Madam President, as you know, these relatively small changes grew later into really, really important changes for our ANCs and have created important legacies for the success that we have seen in so many of these Alaska Native corporations.
By January 1990, Julie had done such great work that AFN said: Hey, you are going to be our president. You are going to be our leader.
And she has done that for 34 years. She presided over AFN. By the way, the Alaska Federation of Natives Conference, the AFN convention, as we call it, every year in October in Alaska, is the biggest, largest meeting of indigenous Americans each year in the country. And, by the way, it is a great event. It is a great event. I love going every year. It is a lot of fun. So many Alaskans, Native and non-Native, are there. It is fantastic.
So Julie has built all of that. AFN is one of the most important organizations in our State.
Thirty-four years later, Julie talks about some of the seminal programs and initiatives created during her time. AFN helped establish the Job Corps center, which is still thriving in Palmer, AK—a beautiful campus there— training Alaskans in their jobs. It is fantastic work they do.
AFN worked to establish Alaska Native education equity, the growing recognition and importance of Tribes.
Julie Kitka also did a great job working with our military and Alaska Natives and AFN. Alaska Natives, like Native Hawaiian and lower 48 Indians, serve at higher rates in the military than any other ethnic group in the country. Special patriotism, I like to call it. That is what they do.
Julie Kitka did a great job focusing on those issues and forming dozens of joint Federal and State partnerships that have lasted for decades. Julie said that none of this would have been accomplished without bridge building:
It was always about partnerships—nothing was ever done alone. We had conferences all the time to break down barriers and self-limiting silos.
Partnerships—what a great way to focus on leadership, Madam President. That is what she did.
So after 34 years as the president of AFN and 40 years as an employee of AFN, Julie has now decided to step down. What a career. What an impact on Alaskans.
And, by the way, she shows no sign of slowing down yet. This April, the full Alaska congressional delegation, myself included, selected Julie to lead the Denali Commission, an independent Federal Agency, to work on economic development and infrastructure issues in rural Alaska. So we certainly have not seen the last of her incredible work or work ethic on behalf of Alaska and all of our fellow Alaskans.

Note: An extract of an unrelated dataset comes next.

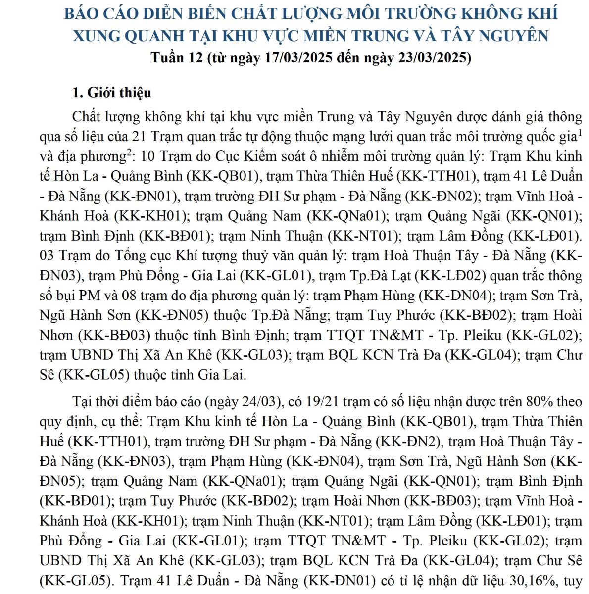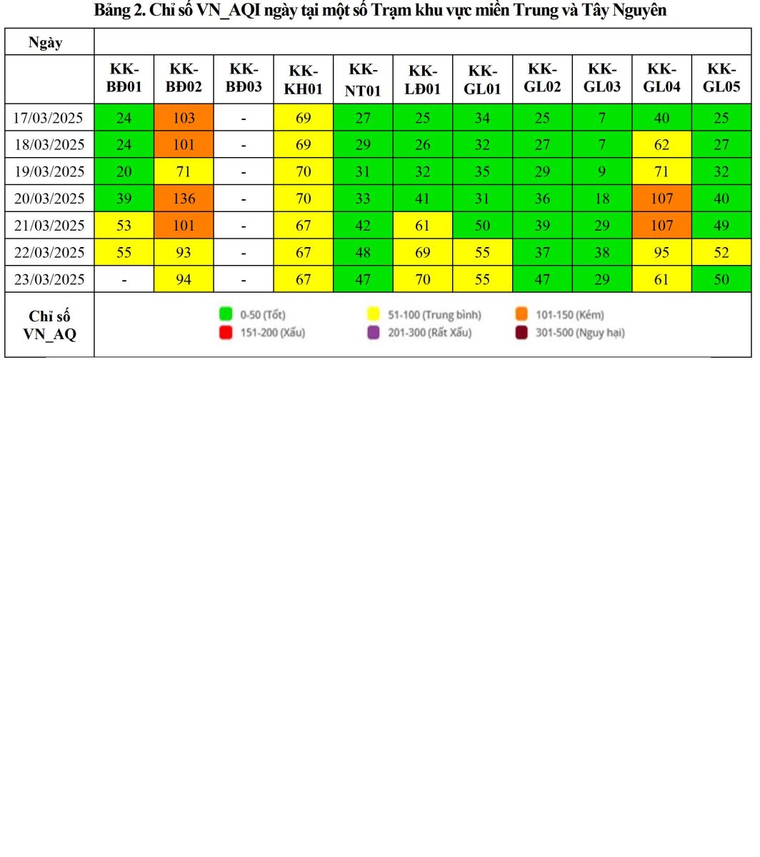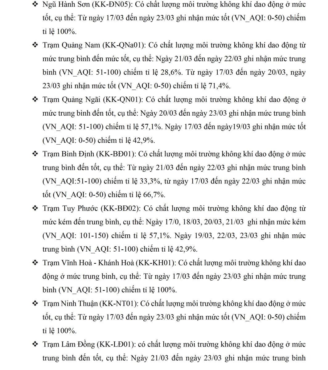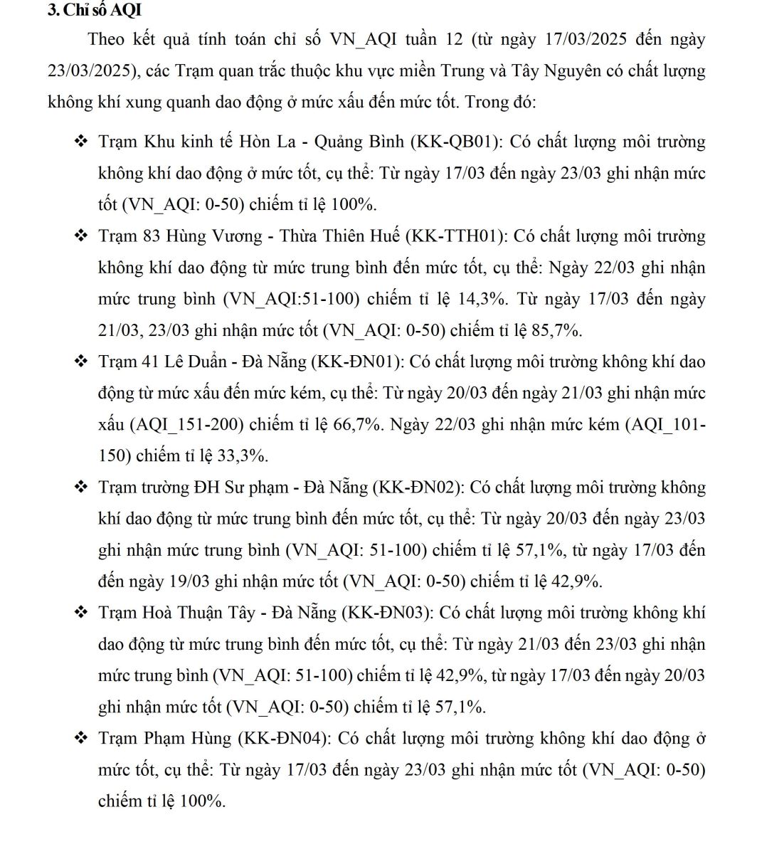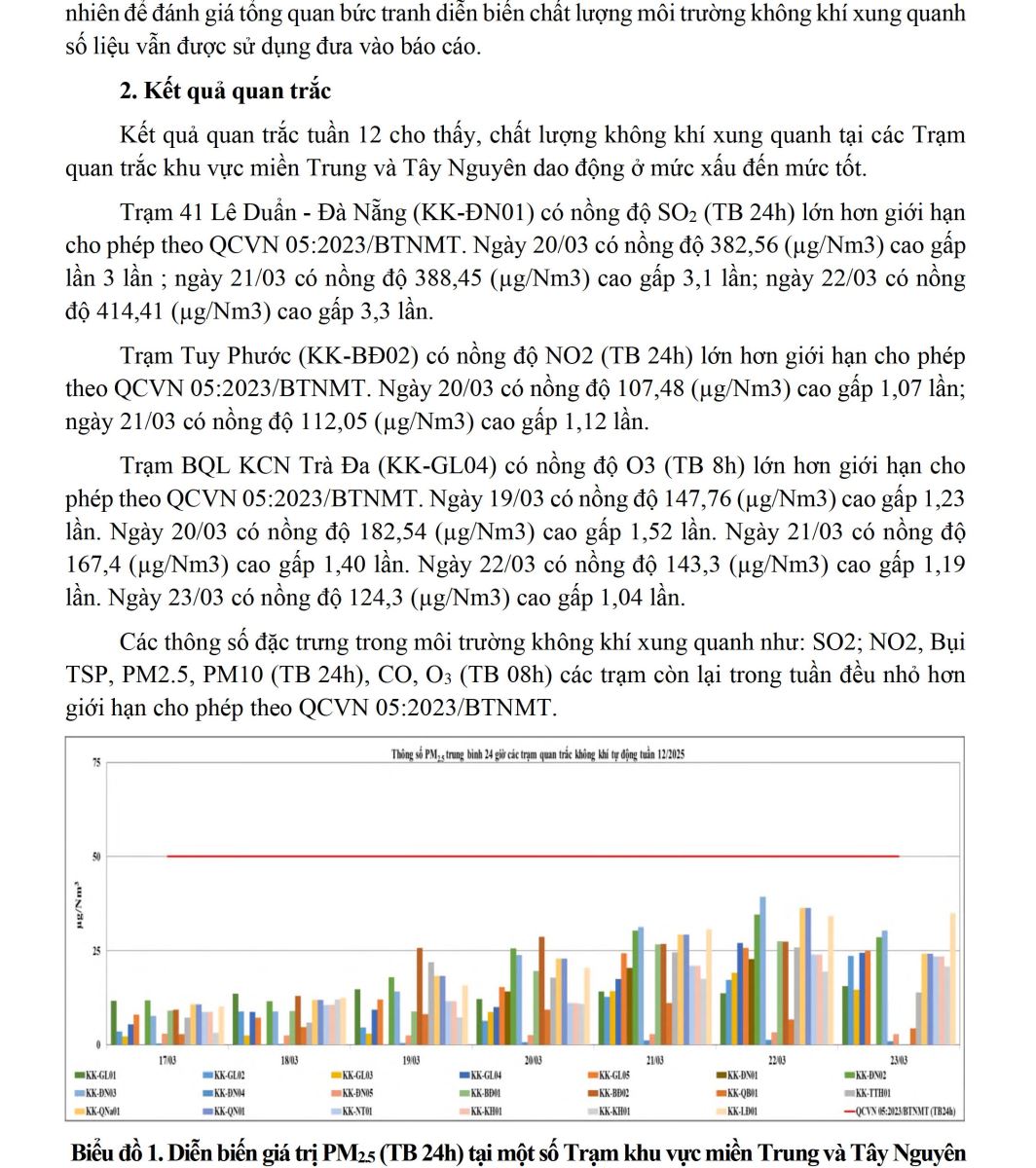 BÁO CÁO DIỄN BIẾN CHẤT LƯỢNG MÔI TRƯỜNG KHÔNG KHÍ XUNG QUANH TẠI KHU VỰC MIỀN TRUNG VÀ TÂY NGUYÊN Tuần 12 (từ ngày 17/03/2025 đến ngày 23/03/2025)

Julie, to you, congratulations. It has been an honor working with you on some of these critically important issues. I know that everybody at AFN, all Alaskans, Native and non-Native, send their congratulations. You have built an incredible legacy. You have worked so hard for our State and our communities. And now you have received one of the most prestigious awards in Alaska: being our Alaskan of the Week. Congratulations on a job well done.